Non businesslike loan (onzakelijke lening) and thin capitalisation rules

The Netherlands is a country which is often integrated in international tax structures, mostly due to its advantageous tax regime, overall beneficial tax treaties and its well organised / reliable infrastructure. Often these tax structures are set up for holding and/or finance activities between related parties. During the years a lot of corporate income tax legislation, policy and case law has been published with regard to the deductibility of interest for Dutch tax purposes. In some cases certain ‘loans’, which were labelled as such by the tax payer, have been succesfully requalified by the Dutch tax authorities as being capital.

Furthermore as of the year 2004 the so called ‘thin capitalisation (thin cap)’ rules have been taken up in the Dutch corporate income tax legislation.
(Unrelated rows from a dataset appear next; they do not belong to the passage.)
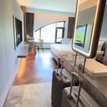 Номер был чистым и аккуратным, оформлен в теплых тонах, а постельное белье удобным, что позволило нам хорошо выспаться после утомительного дня. Помещение оборудовано всевозможными смарт-устройствами, пользоваться которыми очень удобно. На завтрак предлагается широкий выбор блюд китайской и западной кухни, а свежеприготовленные вонтоны очень вкусны.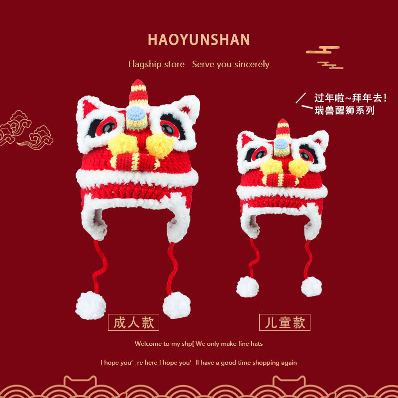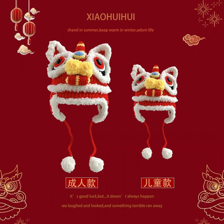 도매 새로운 스타일의 순수 수제 귀엽고 따뜻한 부모-자식 성인 호랑이 머리 모자, 중국 스타일의 모직 어린이 자수 아기 모자스토어 가기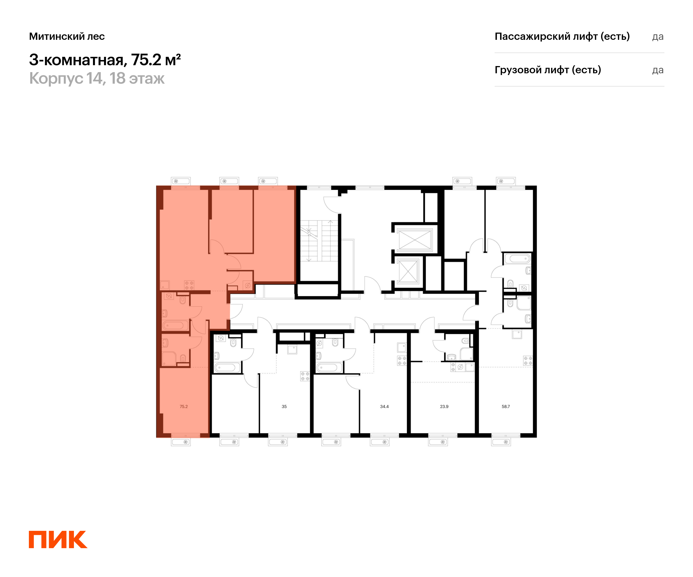 Продаётся 3-комн.квартира площадью 78.70 кв.м на 2 этаже 25 этажного дома (Корпус 15, секция 7) проекта ПИК Митинский лес. Светлый просторный подъезд на уровне земли, функциональная планировка, большие окна.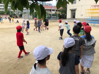 子どもたちが一糸乱れぬ動きで、長縄にチャレンジしています。息を合わせて、気持ちを揃えて何度も挑んでいました。誰かがひっかかっても!どんまい!次々!と前向きに声をかけ合う姿がとても素敵でした!何か一つのことにクラスが一丸になって取り組むことって大切なことですね。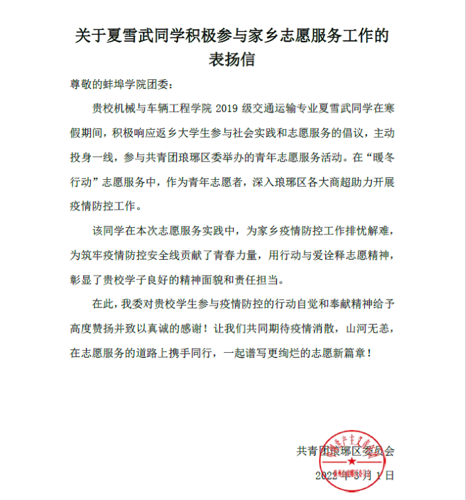 2138CC太阳集团学子夏雪武积极响应返乡大学生参与社会实践和志愿服务的倡议,主动投身一线,参与家乡志愿服务活动,在车站与商超之间,为来往人群提供志愿服务,协助工作人员维持秩序。此举受到共青团滁州市琅琊区委的高度赞扬,并向学校发出了表扬信。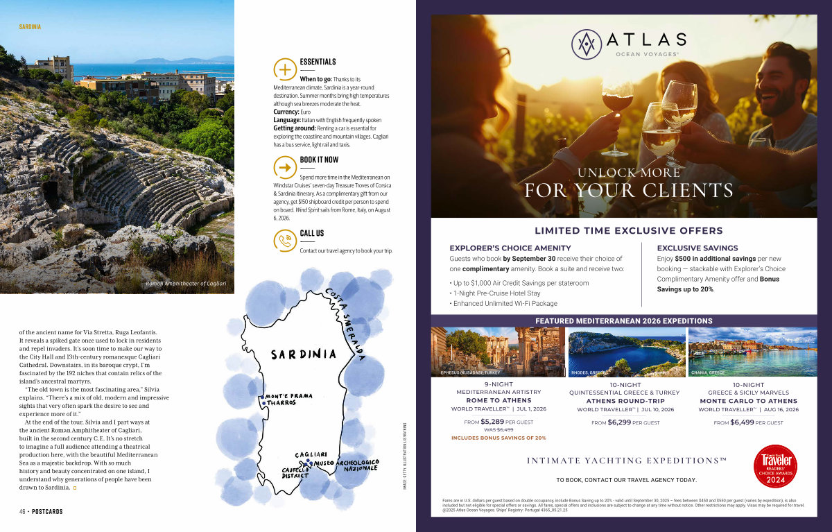Fares are in U. S. dollars per guest based on double occupancy, include Bonus Saving up to 20 %- valid until September 30, 2025 – fees between $ 450 and $ 550 per guest( varies by expedition), is also included but not eligible for special offers or savings. All fares, special offers and inclusions are subject to change at any time without notice. Other restrictions may apply. Visas may be required for travel. @ 2025 Atlas Ocean Voyages. Ships’ Registry: Portugal 4365 _ 05.21.25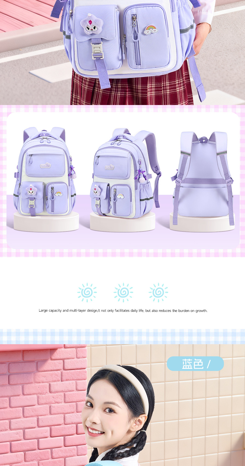 Hermosas bolsas escolares de niñas Kulomi, estudiantes de primaria, grado 1,234,56 mochila impermeable de gran capacidad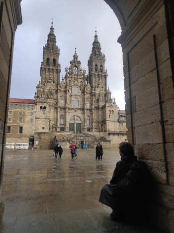 Then I was walking the streets of Santiago, and soon arrived at the endpoint of the whole trip: the plaza in front of the Santiago cathedral. I enjoyed the ambience from the crowds, the shouts of excited and emotional pilgrims, and the imposing structure of the cathedral. I was hungry and cold, though, so after basking in victory for a short while I went to Hotel Universal, where I was planning to stay. On my way there, I came across Kobi, the 17-year-old Dutch kid. We had a pleasant chat and he told me that Tony, his Camino Dad, had already returned to England.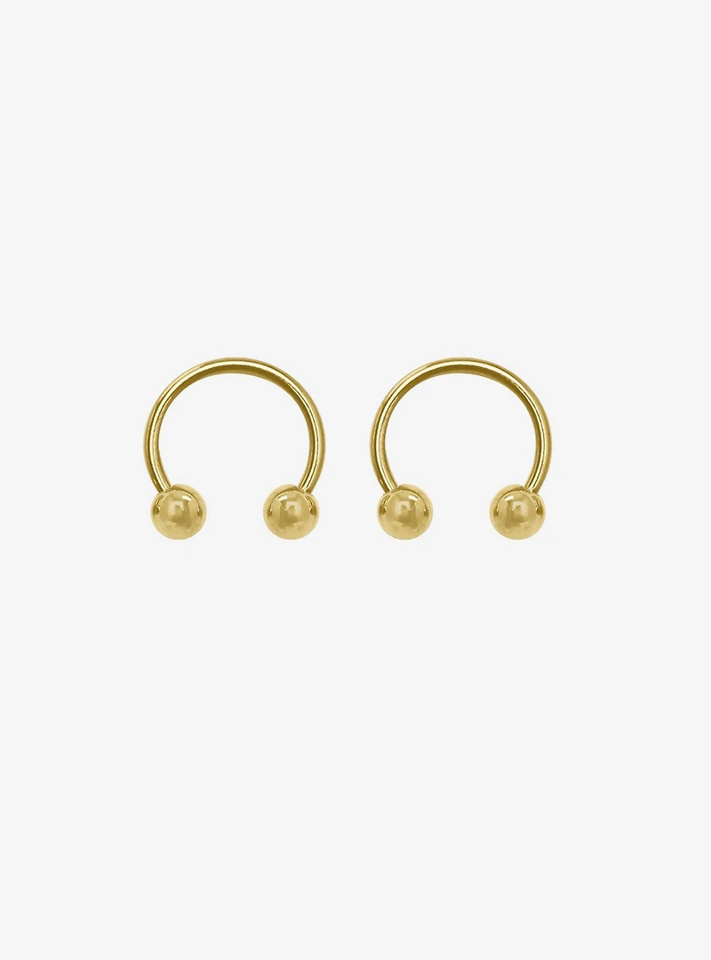 Set of 2 titanium gold plated circular barbells with ball ends. Jewelry care: Wash with antibacterial soap and warm water. Piercing care: Wash hands thoroughly, then clean piercing with H2Ocean (sold separately) or saline solution.

If these Thin cap rules are applicable, they could lead to a situation in which part of the payable interest to related parties is non tax deductible due to the applicable debt to equity ratio (1/3 -/- € 500,000). This thin cap legislation unfortunately will, in certain situations, lead to overkill. However if structured carefully these thin cap rules could in most cases (partially) be avoided. As part of the tax plans for 2013, launched on September 18th 2012, the Dutch government is planning to abolish the thin cap legislation as per the year 2013.

Recently the Supreme tax court has given some guidelines on the latest addition to tax deduction restricted loans, the so called ‘non businesslike loan (onzakelijke lening)’. Although a non businesslike loan is still considered to be a loan for tax purposes, it is not possible to write down such a loan by the creditor for tax purposes. The interest on a non businesslike loan will in principle remain deductible, all be it only at a ‘normalised’ percentage.

The check whether it regards a non businesslike loan is to be in principle (retroactively) made on the moment this loan was first granted. If the loan is qualified as non businesslike, it is possible to adjust its conditions at arm’s length, e.g. increasing/decreasing the interest percentage to a businesslike standard. The height of this businesslike interest percentage is however maximized. For example if an interest percentage of 35% is required to make the loan businesslike, it would still not be considered businesslike as it tends to be profit sharing (capital).

In short a non businesslike loan will in principle exist when no other third party creditor would have granted the loan at a businesslike interest percentage, e.g. due to the fact the debtor (shell company) can not give any security and does not hold sufficient assets. As mentioned above, in case the loan is qualified as a non businesslike loan the interest will be normalised. With normalised the supreme court means the renumeration the debtor would have paid to a third party when the related party (the creditor) would have been the guarantor for this third party.

The abovementione case law on the non businesslike loan also applies on comparable situations for the Dutch personal income tax. It may lead to serious overkill in certain specific situations in the personal income tax.

This case law on the non businesslike loans (onzakelijke lening) is fairly recent. This means some aspects remain unclear, although in the literature it has been discussed at some length by now. Also new case law on this subject is published frequently and will be for some time. The tax authorities have stated they welcome requests for certainty upfront, which is of importance as the moment the loan is closed is leading.